IRT provides an alternative approach to imputation, as described earlier. The IRTPRO (Vector Psychometric Group, 2021) program was used to estimate the IRT feature and case parameters in all data sets. Data can be imported into the program from a number of different file formats, including the type used in this study (.csv). All missing data cells were coded with -1. The interface allows for a mixture of different types of features within the same analysis (i.e., a mix of binary, ordinal, or categorical features can be used in the same analysis). Each model was specified to be based on one group of cases using a unidimensional set of features. IRTPRO uses marginal maximum likelihood³⁶ to estimate feature parameters and expected a posteriori (EAP) to generate a $\theta$ score for each case. Parameters are estimated in the logistic metric. Some programs have historically rescaled the parameters to approximate the normal to give function, but this is not done in IRTPRO as has been suggested more recently³⁷. Three models were specified: 1) Two Parameter Logistic (2-PL) (binary) for the Heart Disease dataset, 2) Graded Response Model (GRM) (ordinal) for the Diamonds dataset and 3) Nominal Response Model (NRM) (nominal categories) for the Housing dataset.

2-PL model

In the case of a binary response (0, 1) using these estimated parameters, the linking function between the underlying trait and particular feature can be described as follows (Eq 1):

$$\begin{aligned} Pij(U_{ij}=1\mid \theta ) = \frac{e^{a_{i}(\theta - b_{ij})}}{1+ e^{a_{i}(\theta - b_{ij})}} \end{aligned}$$

(1)

The model for binary variables in equation 1 has the simple interpretation of success being equal to the value of the person parameter $\theta$ relative to the value of the item parameters. The probability of being in the “1” category on a particular item i can be ascertained for any case with a specific $\theta$-value.

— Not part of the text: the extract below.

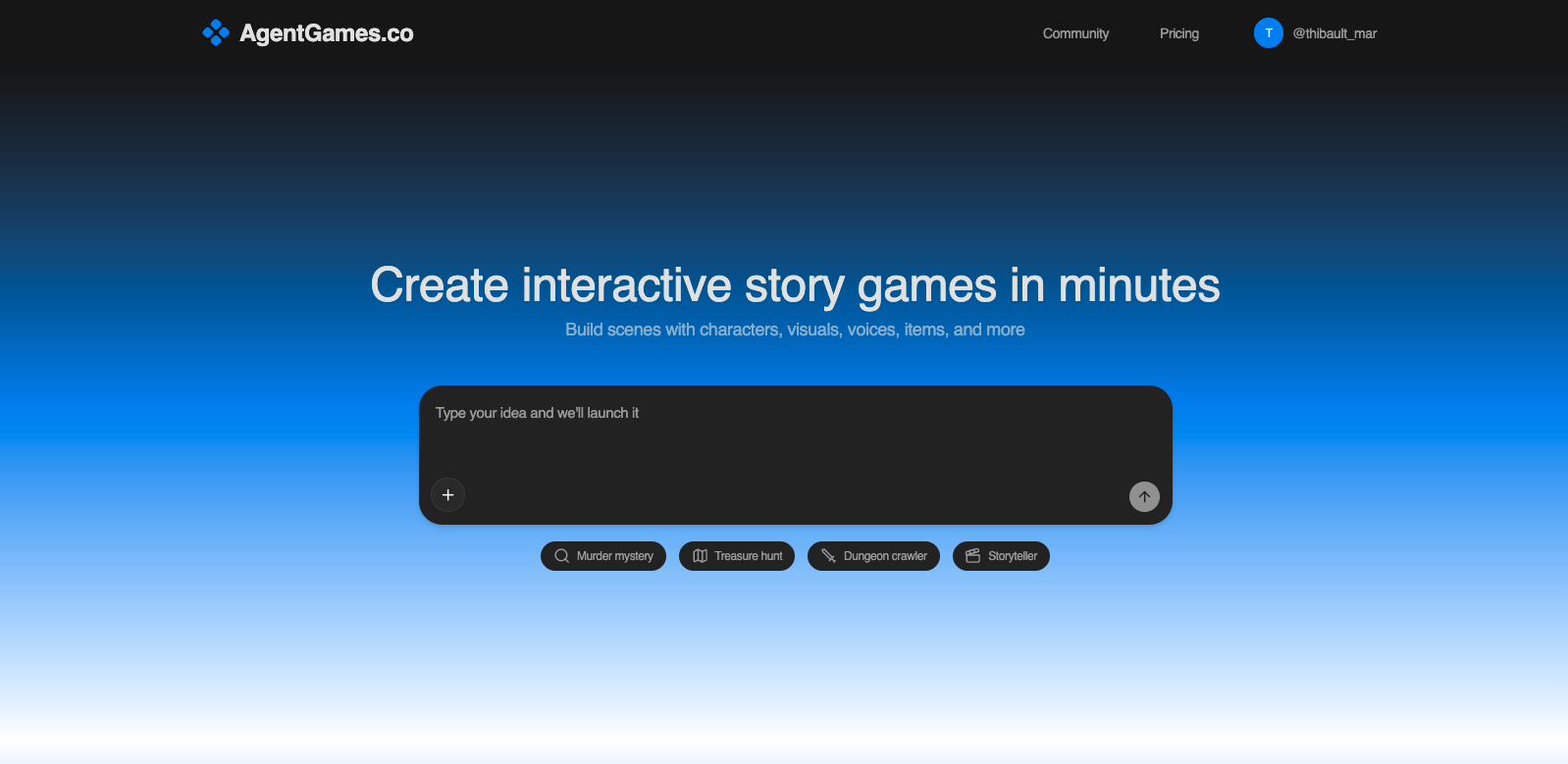 AgentGames.co is a platform that enables users to build interactive story games with AI in minutes. Users can type an idea to launch a game and build scenes with characters, visuals, voices, items, and more. The platform also features a community section to explore and play games created by other users.

Using this model, a missing binary variable can be imputed - cases with probabilities below 50% are imputed as 0 and those with probabilities above 50% are imputed as 1. Figure 1A showcases the curve for this model, where ability $\theta$ is a row/case characteristic and parameter values are associated with the variable (item).

GRM

The graded response model (GRM) represents a family of mathematical models that deals with ordered polytonomous categories, the curves for the 5 different options can be seen in Fig. 1B. It uses a two-step process to link the trait to features²⁵. In the first step, a series of 2-PL functions for each of the category option boundaries are generated. For example, if one has a 5-option feature (coded 0, 1, 2, 3, 4), there would be 4 boundary functions: above 0 but less than 1, above 1 but less than 2, above 2 but less than 3 and above 3 but less than 4. In this first step, threshold parameters for each of the features’ option boundaries and an overall slope parameter for the feature are generated. If $\theta$ is the latent ability, and $U_i$ is a random variable to denote the graded item response to item i, and $u_i=(0,1,...,m_i)$ denotes the actual responses. The category response function, $P_{ui}(\theta )$, is the probability with which an examinee with ability $\theta$ receives a score $u_i$ is:

$$\begin{aligned} P_{ui}(\theta )\equiv P[U_i=u_i \mid \theta ] \end{aligned}$$

(2)

Probabilities based on the other combinations, given $\theta$, are computed by subtracting the adjacent $P^*_{ik}(\theta )$:

$$\begin{aligned} P^*_{ik}(\theta ) = P^*_{ik}(\theta ) - P^*_{ik+1}(\theta ) \end{aligned}$$

(3)

Therefore, in expanding Eq. 3 for a 5 category GRM, we would get:

$$\begin{aligned} \begin{aligned} Option 0: P_{i0}(\theta )&= 1.0 - P_{i1}(\theta )\\ Option 1: P_{i1}(\theta )&= P_{i1}(\theta ) - P_{i2}(\theta )\\ Option 2: P_{i2}(\theta )&= P_{i2}(\theta ) - P_{i3}(\theta )\\ Option 3: P_{i3}(\theta )&= P_{i3}(\theta ) - P_{i4}(\theta )\\ Option 4: P_{i4}(\theta )&= P_{i4}(\theta ) - 0.0 \end{aligned} \end{aligned}$$

(4)

Continuing with the example of 5 categories the dichotomies would refer to the probability of being coded 1: (1) in category 0 contrasted with categories 1, 2, 3, and 4; (2) in categories 0, 1 contrasted with categories 2, 3, and 4; (3) in categories 0, 1, 2 contrasted with categories 3 and 4; 4) in categories 0, 1, 2, 3 contrasted with category 4.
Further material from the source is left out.